BEST MODE FOR CARRYING OUT THE INVENTION Hereinafter, preferred embodiments of a sludge leveling device for a drum concentrator according to the present invention will be described in detail with reference to the drawings. It is to be understood that the terminology or words used herein are not to be construed in an ordinary sense or a dictionary, and that the inventor can properly define the concept of a term to describe its invention in the best possible way And should be construed in accordance with the meaning and concept consistent with the technical idea of the present invention.

First, a drum concentrator provided with a sludge leveling device 100 according to the present invention will be described with reference to FIG. 1. For convenience, the left and right sides of the drum concentrator are referred to as rear and front, respectively, As shown in Fig.

The upper drum concentrator includes a frame 20 as a whole, as shown in FIG. The frame 20 is provided with a pair of support rods 14 located apart from each other in the left and right direction. The left and right ends of the rotation axis 12 of the cylindrical screen extending in the left- Respectively.

The cylindrical screen 10 slowly rotates in one direction (clockwise direction in FIG. 1) when the motor (not shown) is operated. At this time, the sludge S is placed on the surface of the rotating cylindrical screen 10, (The distance from 9 o'clock to 3 o'clock in the case of Fig. 1). On the surface of the cylindrical screen 10, filtrate holes (not shown) are provided. The filtrate, which the sludge S is faded during the movement of the sludge S, falls down through the filtrate holes . The dropped filtrate is collected by the filtrate receiver (30) installed in the frame (20) so as to be positioned below the cylindrical screen (10) and discharged to the outside.

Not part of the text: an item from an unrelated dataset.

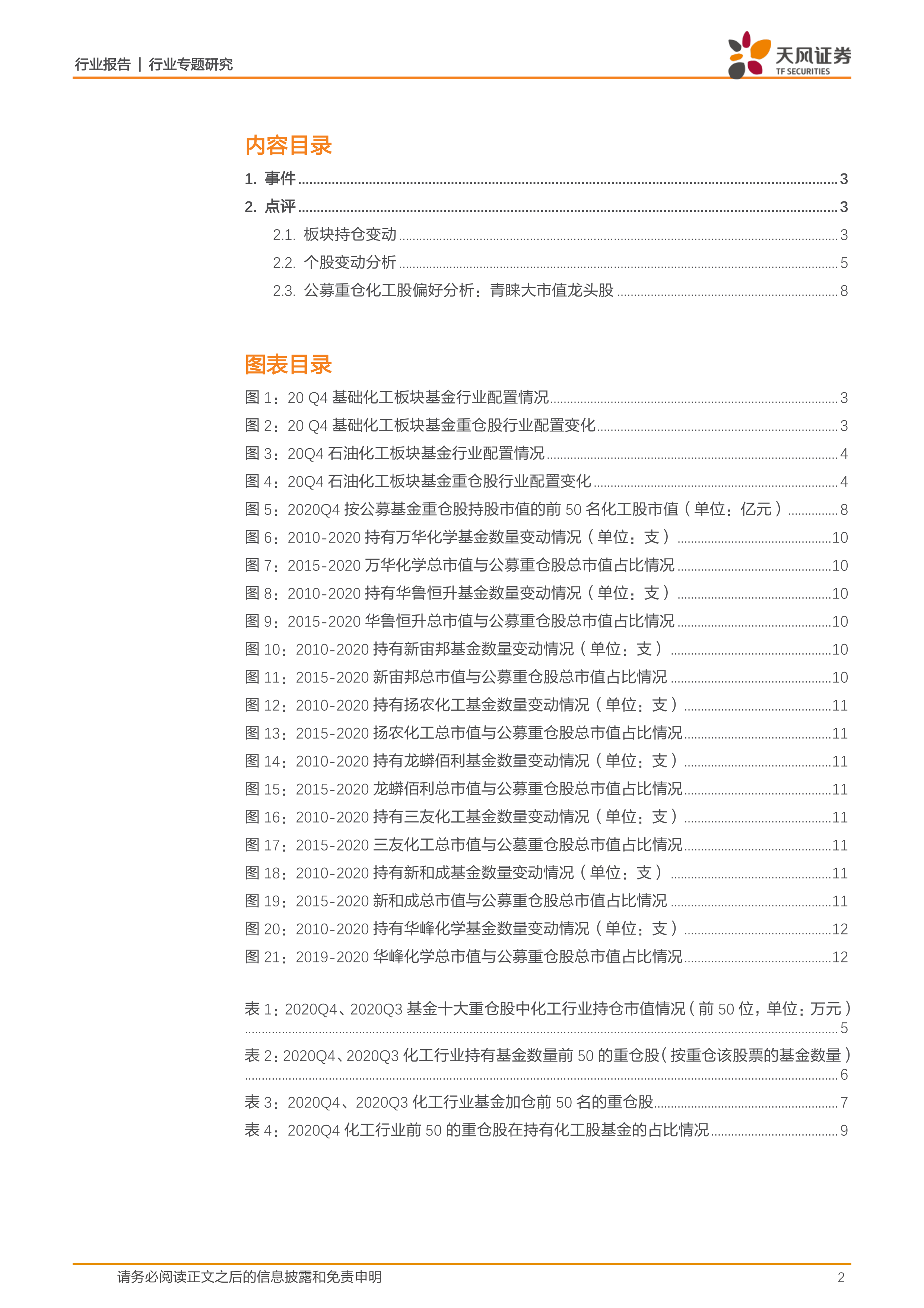 根据披露规则,公募基金十大重仓股票信息应于每季度结束后15天内完成披露,2020Q4公募基金十大重仓股已经完全披露,本文分析主要基于化工行业(基础化工、石油石化)十大重仓股情况进行。

The concentrated sludge separated from the filtrate, that is, the concentrated sludge S, is separated from the surface of the cylindrical screen 10 at a predetermined position (position at 3 o'clock in the case of Fig. 1) (Not shown) (for example, a filter cloth of a belt press to be used in a subsequent dehydration process) beneath the embers 40.

On the other hand, a washing nozzle 50 for spraying wash water to the cylindrical screen 10 to pierce the filtrate holes blocked by the sludge S is provided in the gastric drum thickener. The washing water dropped after being sprayed to the cylindrical screen 10 is collected by the filtrate receiver 30 and is discharged to the outside together with the filtrate.

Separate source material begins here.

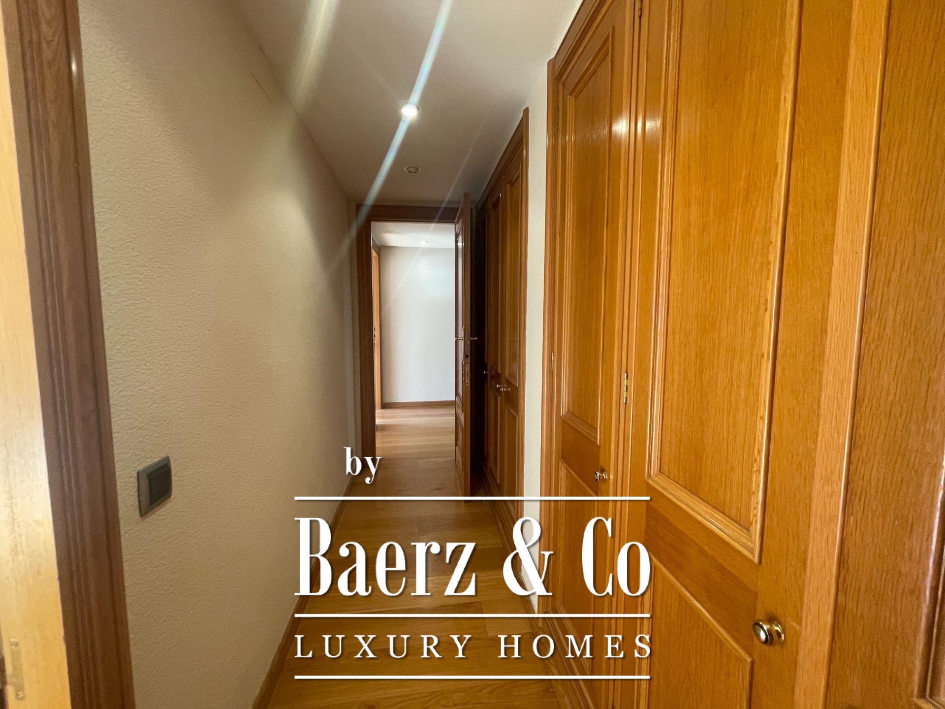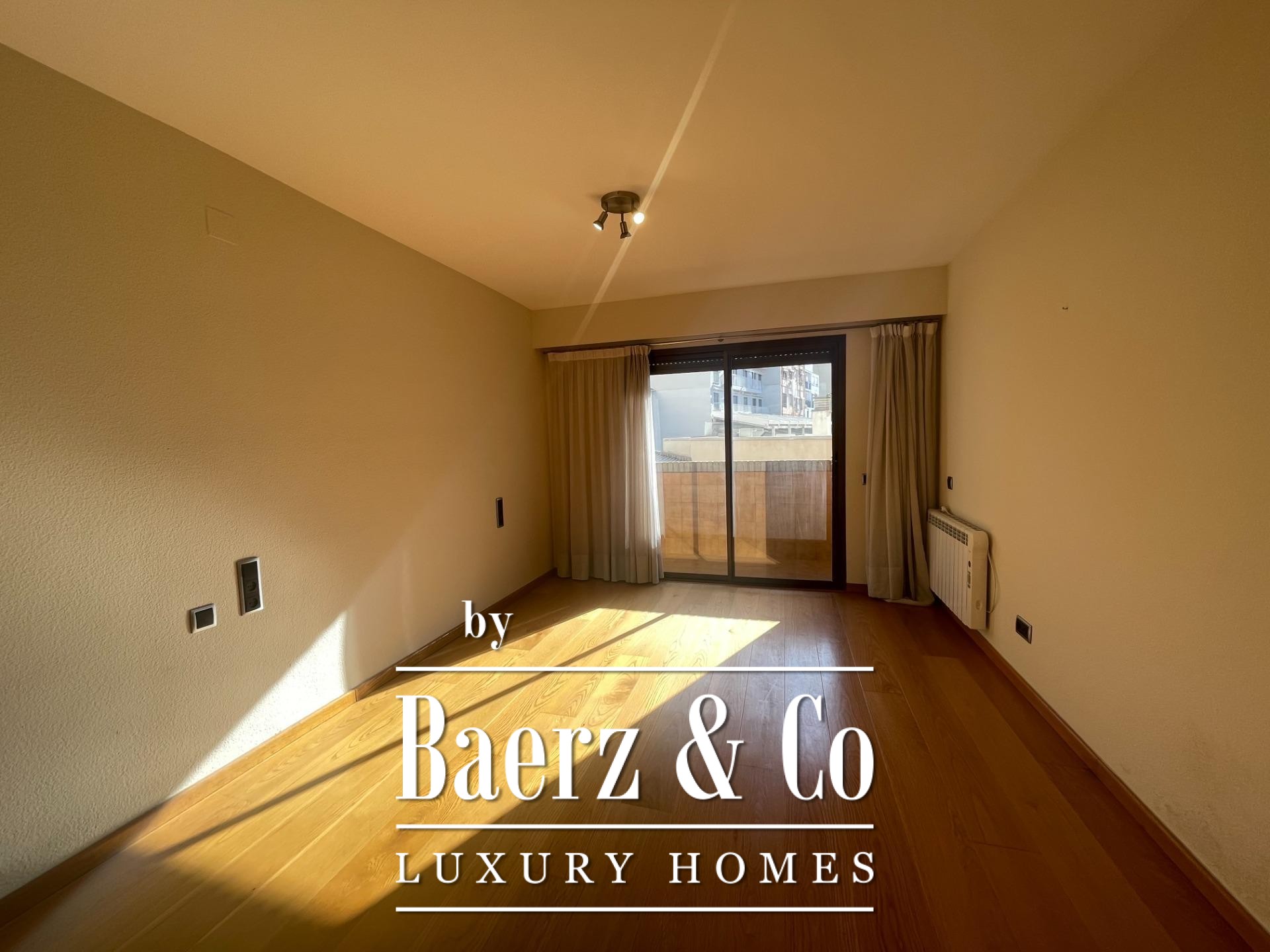 The kitchen is both spacious and functional, offering room for informal dining and access to an interior terrace. Marble floors accentuate the entrance and common areas, while oak and wooden floors in the living room and bedrooms bring warmth and subtlety. The apartment is fitted with ducted air conditioning for year-round comfort and features internal oak woodwork. A parking space in the building elevates convenience.

The sludge leveling device 100 according to the present invention is provided in the drum concentrator as described above and is used for placing the sludge S on the surface of the cylindrical screen 10 at a predetermined position (position in the direction of 9 to 10 o'clock in FIG. 1) And includes a sludge chamber 110, a rotating shaft 130, and a plurality of supply blades 150, as shown in FIG.

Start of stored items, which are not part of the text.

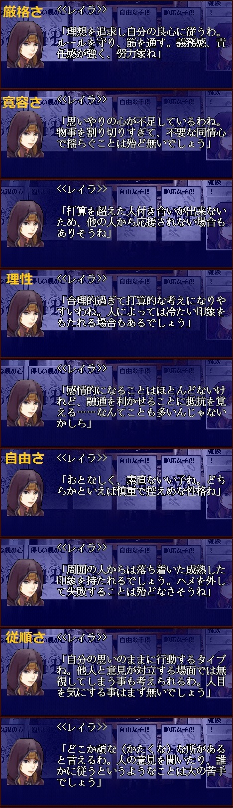 精神:好戦、内向、勇猛、臆病、慎重、狡猾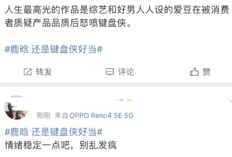 鹿晗的文案,被网友品出了阴阳怪气的味道,虽然粉丝辩解:鹿晗是在怼键盘侠,不要对号入座。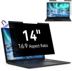 Mao Yeye Magnetic Laptop Privacy Screen 14 Inch 16:9 Aspect Ratio Anti-Glare Blue Light Monitor Protector,Removable 14in Film for Lenovo HP Dell Acer Asus Thinkpad Envy Xps

The sludge chamber 110 includes a rear plate 114 and a sludge supply pipe 120 to which sludge S is supplied is coupled to a central portion of the rear plate 114. A left side plate 112a and a right side plate 112b are connected to left and right ends of the rear plate 114. A bottom plate 116 is connected to the lower ends of the rear plate 114 and the left and right side plates 112a and 112b. The front ends of the upper left and right side plates 112a and 112b are provided in the shape of an arc surface having the same curvature as the curvature of the cylindrical screen 10. [

This sludge chamber 110 is installed on a bracket 22 fixed to the frame 20 as shown in Fig. 1 with the front surface of the sludge chamber 110 opened in an open state. Then, the sludge chamber 110 is placed behind the cylindrical screen 10 At this time, the front ends of the upper left and right side plates 112a and 112b come into contact with the cylindrical screen 10 almost. Thus, the sludge S supplied from the sludge supply pipe 120 comes into contact with the surface of the cylindrical screen 10 while being accommodated in the sludge chamber 110.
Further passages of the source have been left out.